Task to carry out: With pictures left out, write out exactly every line from the start of the data through the one that contains "Asian Indian (19th".

Available records:
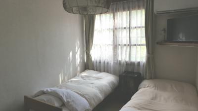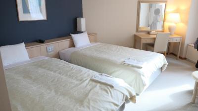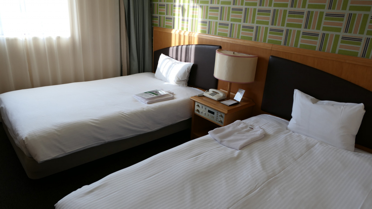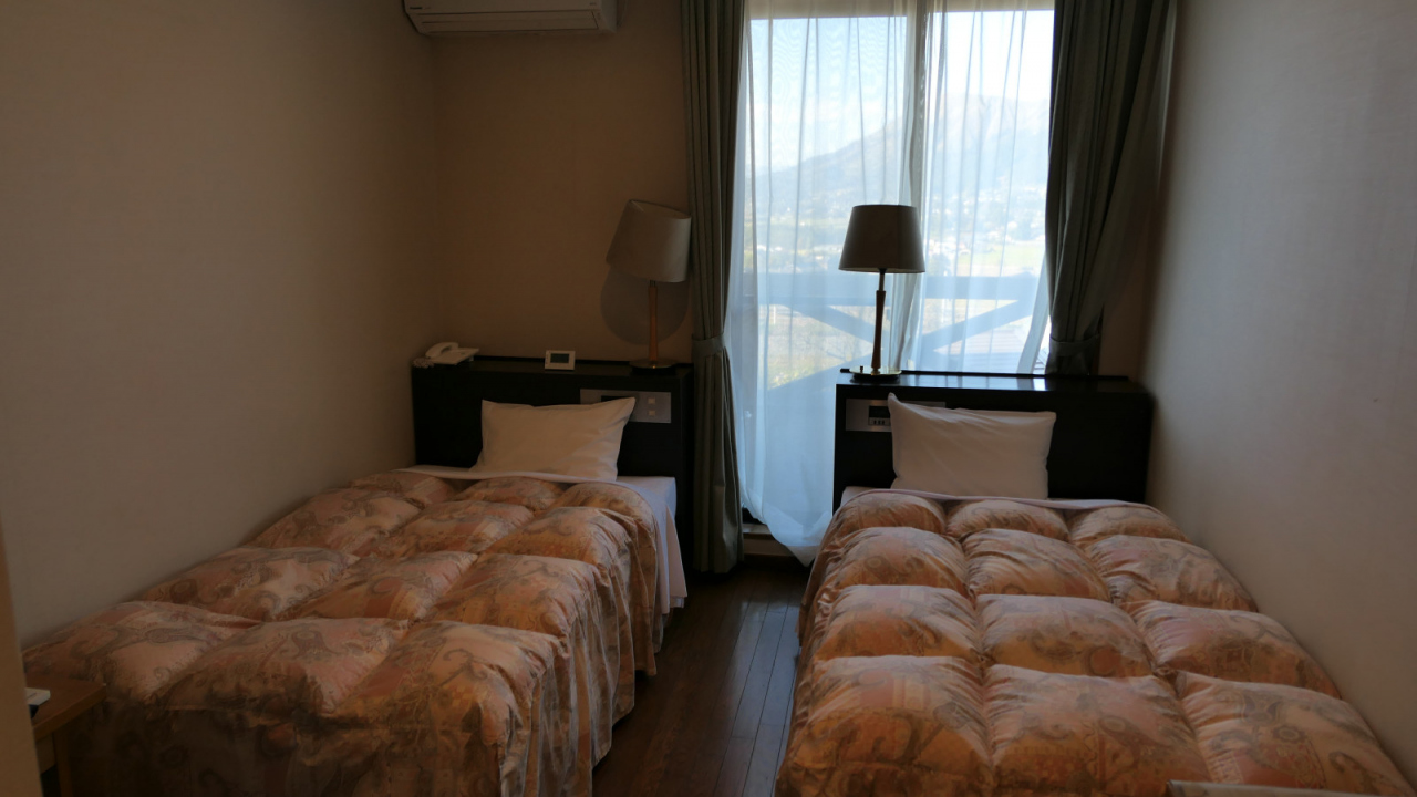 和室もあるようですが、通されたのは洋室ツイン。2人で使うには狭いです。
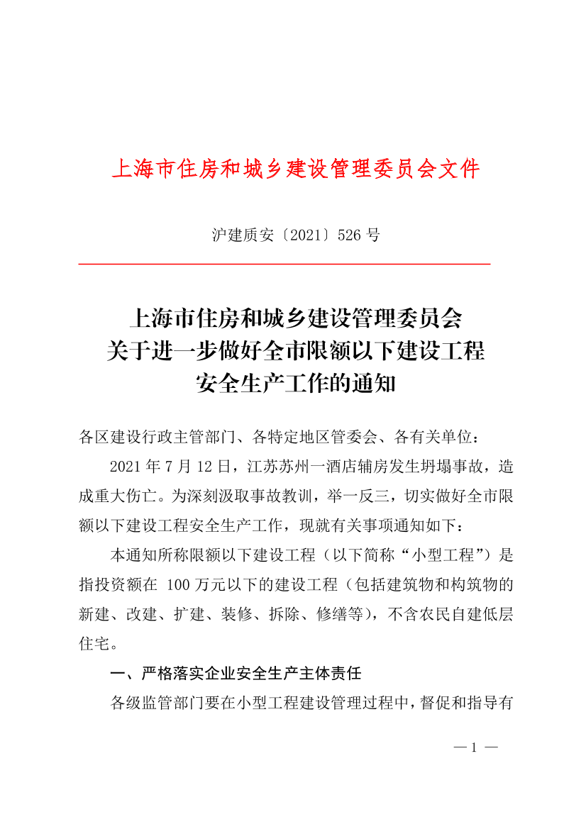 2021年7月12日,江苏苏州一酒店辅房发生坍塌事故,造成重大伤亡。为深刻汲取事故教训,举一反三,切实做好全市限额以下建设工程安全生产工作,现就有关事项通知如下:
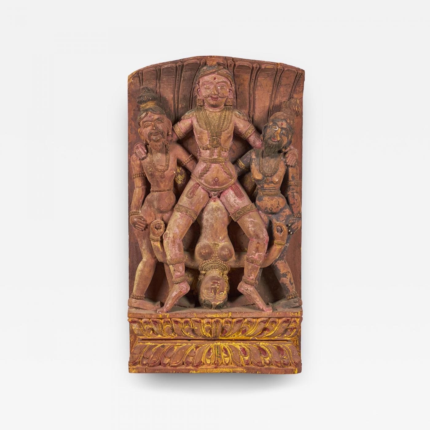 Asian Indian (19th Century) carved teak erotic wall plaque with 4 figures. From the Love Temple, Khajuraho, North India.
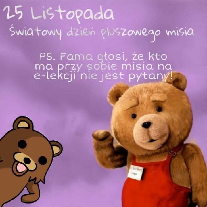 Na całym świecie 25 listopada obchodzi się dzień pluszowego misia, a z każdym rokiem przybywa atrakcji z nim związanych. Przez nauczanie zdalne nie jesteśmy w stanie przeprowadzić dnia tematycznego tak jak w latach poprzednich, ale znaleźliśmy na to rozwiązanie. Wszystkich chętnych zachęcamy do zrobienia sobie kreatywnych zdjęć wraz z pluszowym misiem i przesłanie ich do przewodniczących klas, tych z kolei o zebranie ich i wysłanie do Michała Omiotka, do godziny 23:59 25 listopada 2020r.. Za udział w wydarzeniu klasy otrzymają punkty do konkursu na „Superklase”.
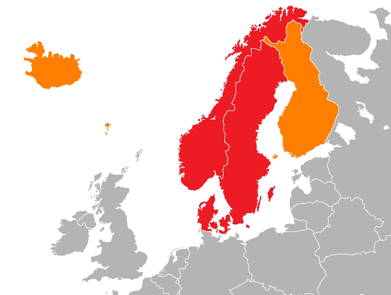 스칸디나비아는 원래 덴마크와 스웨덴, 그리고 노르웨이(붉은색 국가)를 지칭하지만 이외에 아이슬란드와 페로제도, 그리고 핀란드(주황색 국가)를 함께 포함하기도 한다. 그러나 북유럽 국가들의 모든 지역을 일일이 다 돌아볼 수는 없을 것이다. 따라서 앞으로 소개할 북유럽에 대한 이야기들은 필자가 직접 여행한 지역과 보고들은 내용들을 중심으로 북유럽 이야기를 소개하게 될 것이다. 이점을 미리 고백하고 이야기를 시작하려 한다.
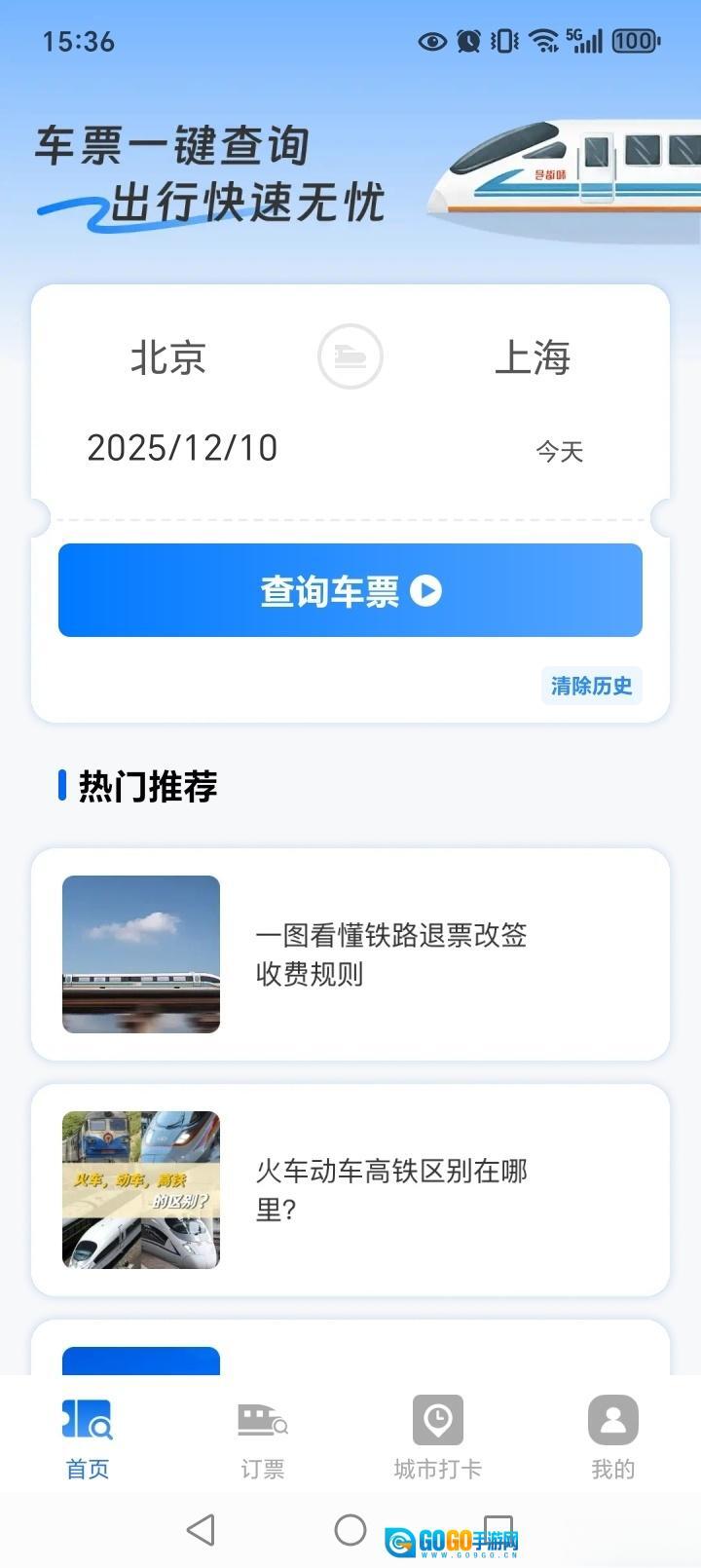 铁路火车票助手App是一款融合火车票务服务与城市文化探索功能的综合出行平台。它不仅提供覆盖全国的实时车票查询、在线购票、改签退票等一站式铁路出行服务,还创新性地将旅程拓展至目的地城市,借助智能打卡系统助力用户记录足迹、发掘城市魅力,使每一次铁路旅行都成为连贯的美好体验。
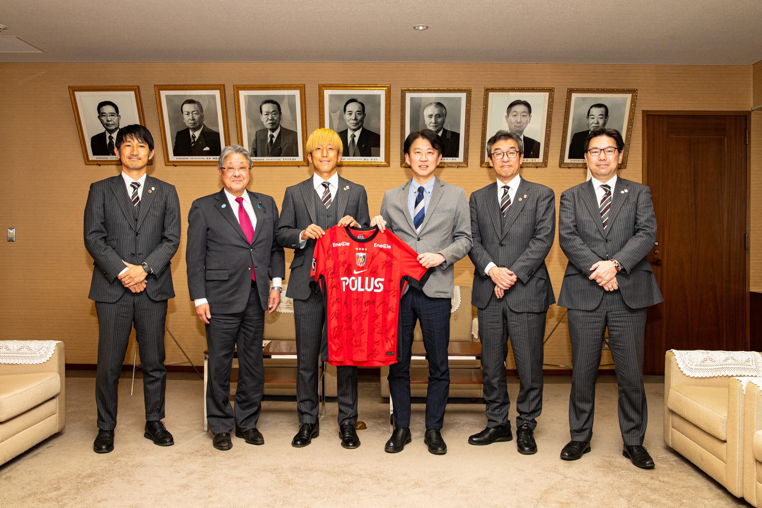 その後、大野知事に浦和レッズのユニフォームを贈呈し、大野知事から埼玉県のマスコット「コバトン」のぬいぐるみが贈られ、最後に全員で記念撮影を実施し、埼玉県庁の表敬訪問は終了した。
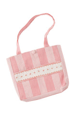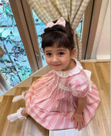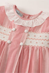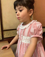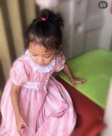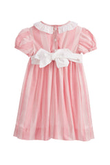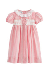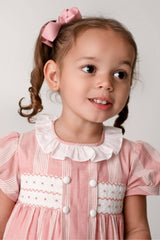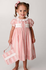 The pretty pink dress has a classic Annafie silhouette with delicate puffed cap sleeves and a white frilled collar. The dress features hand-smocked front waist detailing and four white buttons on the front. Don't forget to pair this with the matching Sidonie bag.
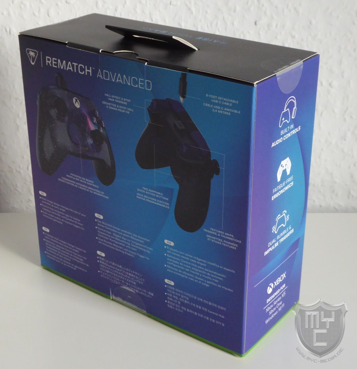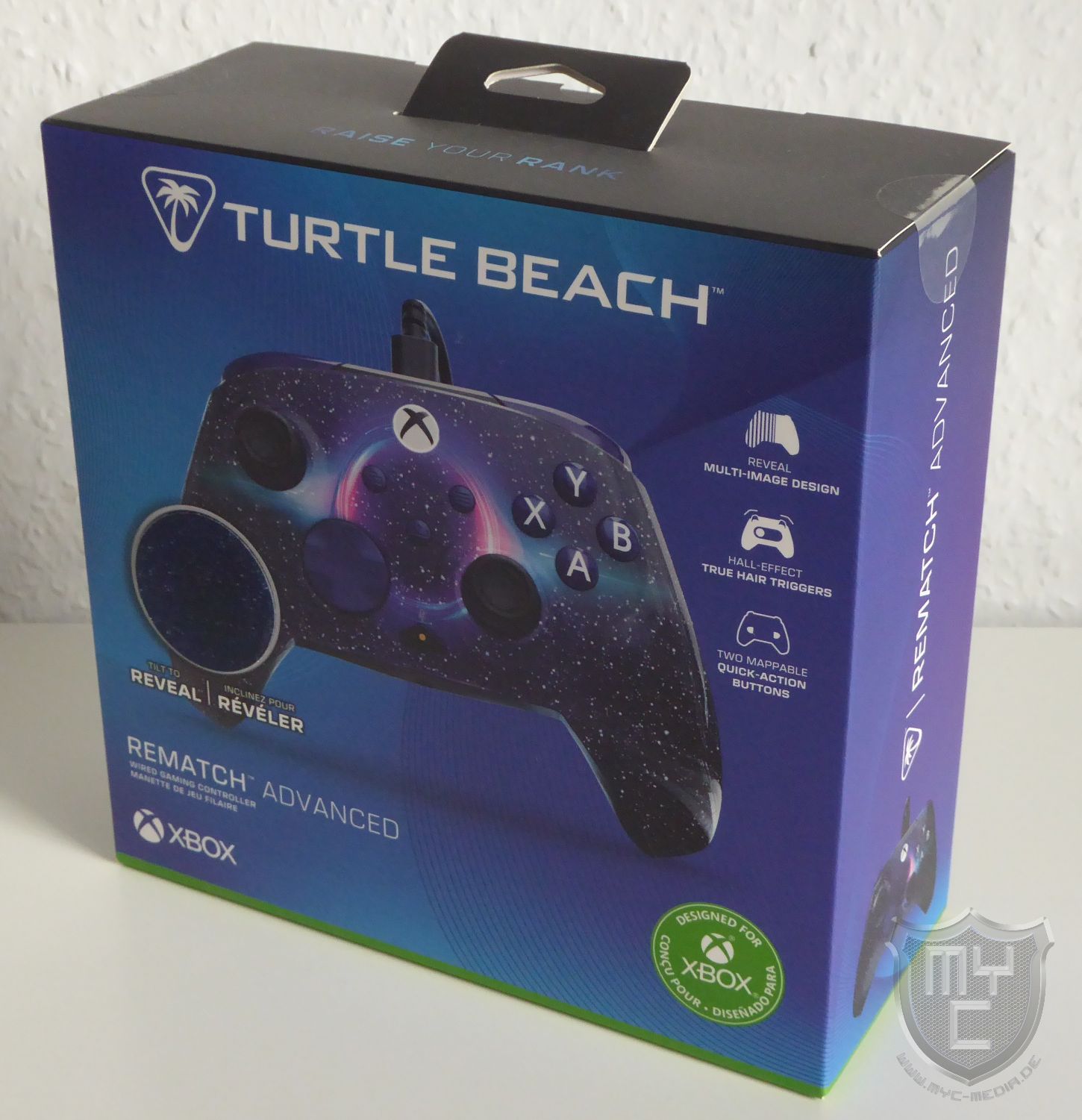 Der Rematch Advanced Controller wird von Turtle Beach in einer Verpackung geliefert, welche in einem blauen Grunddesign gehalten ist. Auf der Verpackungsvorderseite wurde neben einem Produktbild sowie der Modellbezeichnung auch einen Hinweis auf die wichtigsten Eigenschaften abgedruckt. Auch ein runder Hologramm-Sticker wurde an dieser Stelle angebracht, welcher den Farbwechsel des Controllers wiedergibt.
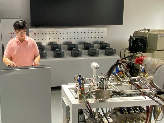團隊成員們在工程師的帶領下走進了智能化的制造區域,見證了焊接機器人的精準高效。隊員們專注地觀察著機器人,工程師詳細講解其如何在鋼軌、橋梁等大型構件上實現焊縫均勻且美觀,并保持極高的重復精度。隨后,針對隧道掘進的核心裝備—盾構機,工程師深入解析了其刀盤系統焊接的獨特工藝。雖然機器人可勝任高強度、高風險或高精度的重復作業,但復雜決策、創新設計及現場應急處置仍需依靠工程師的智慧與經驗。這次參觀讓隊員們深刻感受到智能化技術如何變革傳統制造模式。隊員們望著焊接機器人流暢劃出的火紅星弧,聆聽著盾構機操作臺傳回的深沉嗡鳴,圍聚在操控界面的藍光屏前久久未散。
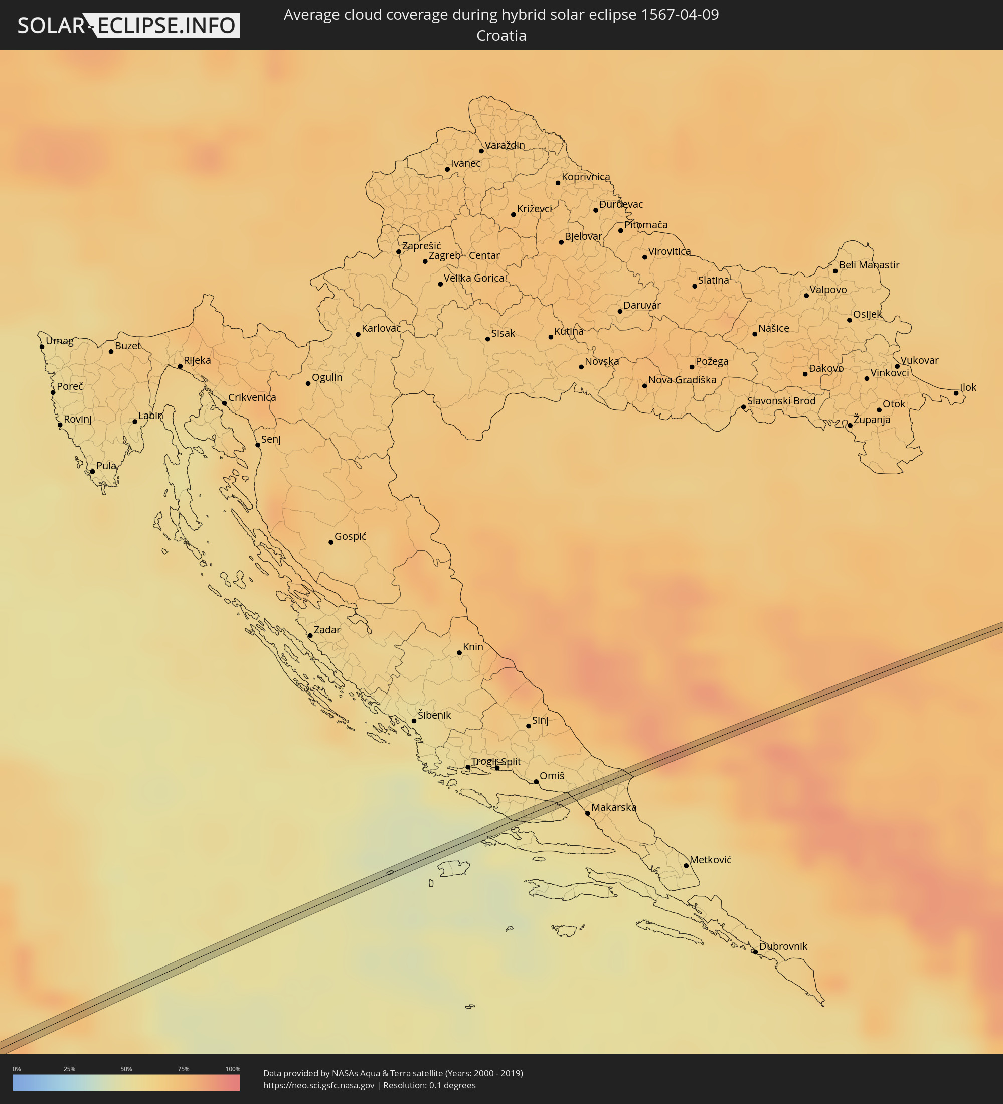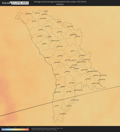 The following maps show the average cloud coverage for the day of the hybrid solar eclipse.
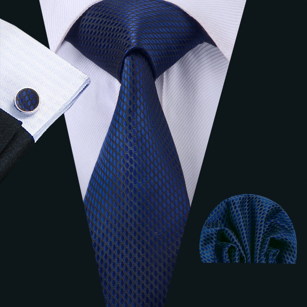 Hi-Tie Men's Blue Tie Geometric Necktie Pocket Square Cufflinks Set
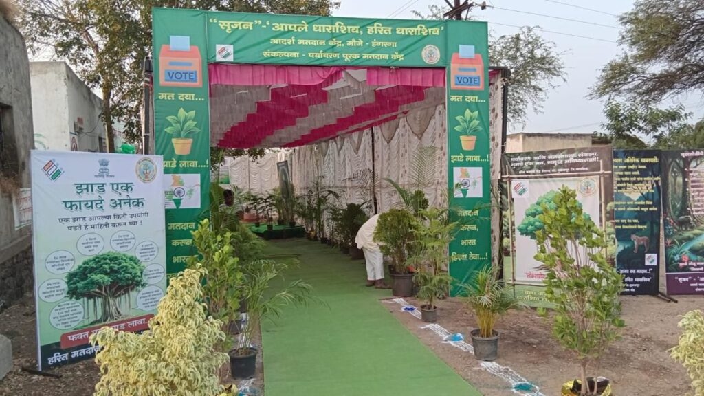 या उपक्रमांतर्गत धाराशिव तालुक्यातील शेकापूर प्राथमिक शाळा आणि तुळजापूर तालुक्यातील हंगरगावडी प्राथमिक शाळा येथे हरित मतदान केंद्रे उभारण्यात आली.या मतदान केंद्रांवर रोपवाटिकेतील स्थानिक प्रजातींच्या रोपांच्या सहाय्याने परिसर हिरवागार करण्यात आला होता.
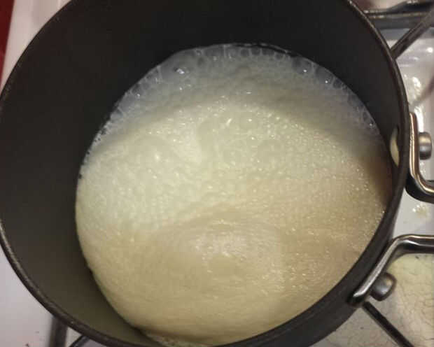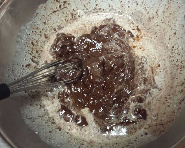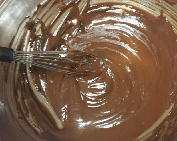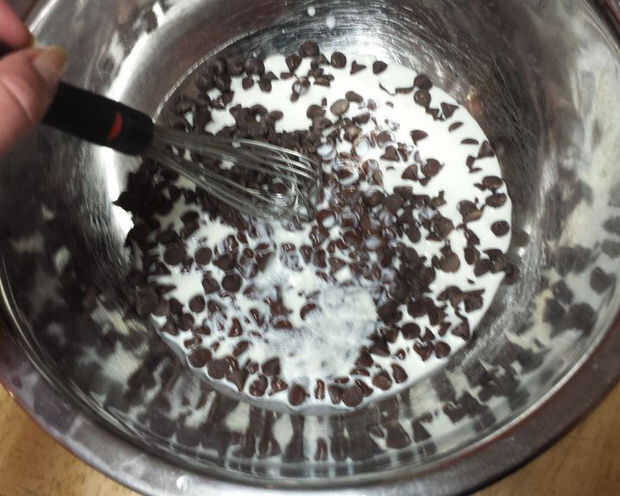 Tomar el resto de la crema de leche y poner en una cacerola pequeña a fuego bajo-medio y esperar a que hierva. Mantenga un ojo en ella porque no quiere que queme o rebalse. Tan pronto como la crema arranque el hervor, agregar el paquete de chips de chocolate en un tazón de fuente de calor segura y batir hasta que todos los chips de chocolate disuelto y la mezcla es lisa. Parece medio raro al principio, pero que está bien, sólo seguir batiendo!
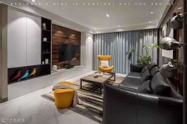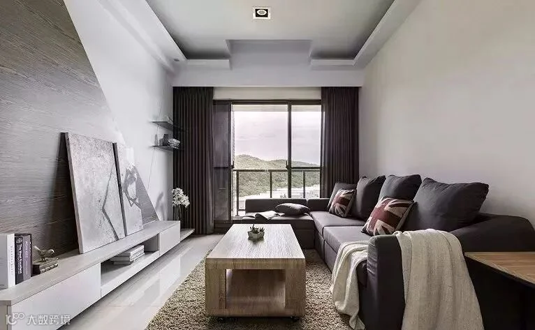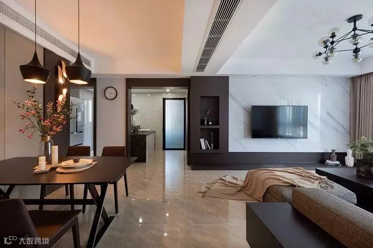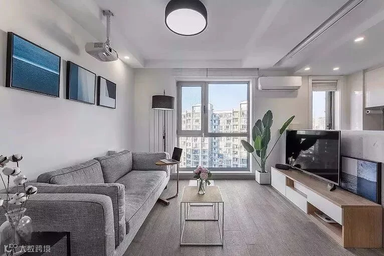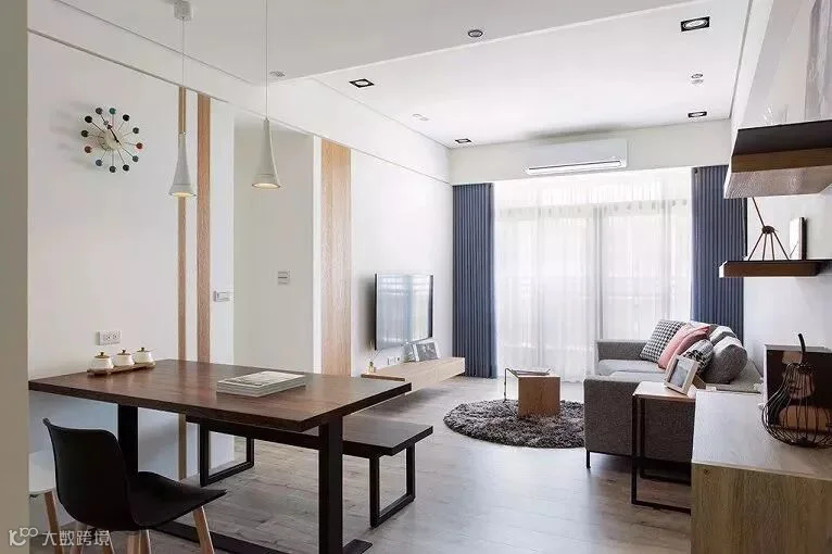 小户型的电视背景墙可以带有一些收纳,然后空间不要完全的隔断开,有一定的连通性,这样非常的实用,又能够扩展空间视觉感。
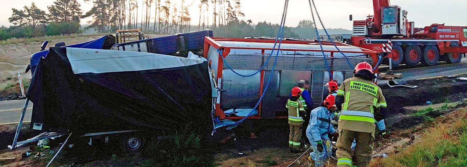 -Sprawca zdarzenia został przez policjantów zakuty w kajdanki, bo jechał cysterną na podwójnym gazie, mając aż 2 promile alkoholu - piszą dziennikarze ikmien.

Completed exercise:
 和室もあるようですが、通されたのは洋室ツイン。2人で使うには狭いです。
 2021年7月12日,江苏苏州一酒店辅房发生坍塌事故,造成重大伤亡。为深刻汲取事故教训,举一反三,切实做好全市限额以下建设工程安全生产工作,现就有关事项通知如下:
 Asian Indian (19th Century) carved teak erotic wall plaque with 4 figures. From the Love Temple, Khajuraho, North India.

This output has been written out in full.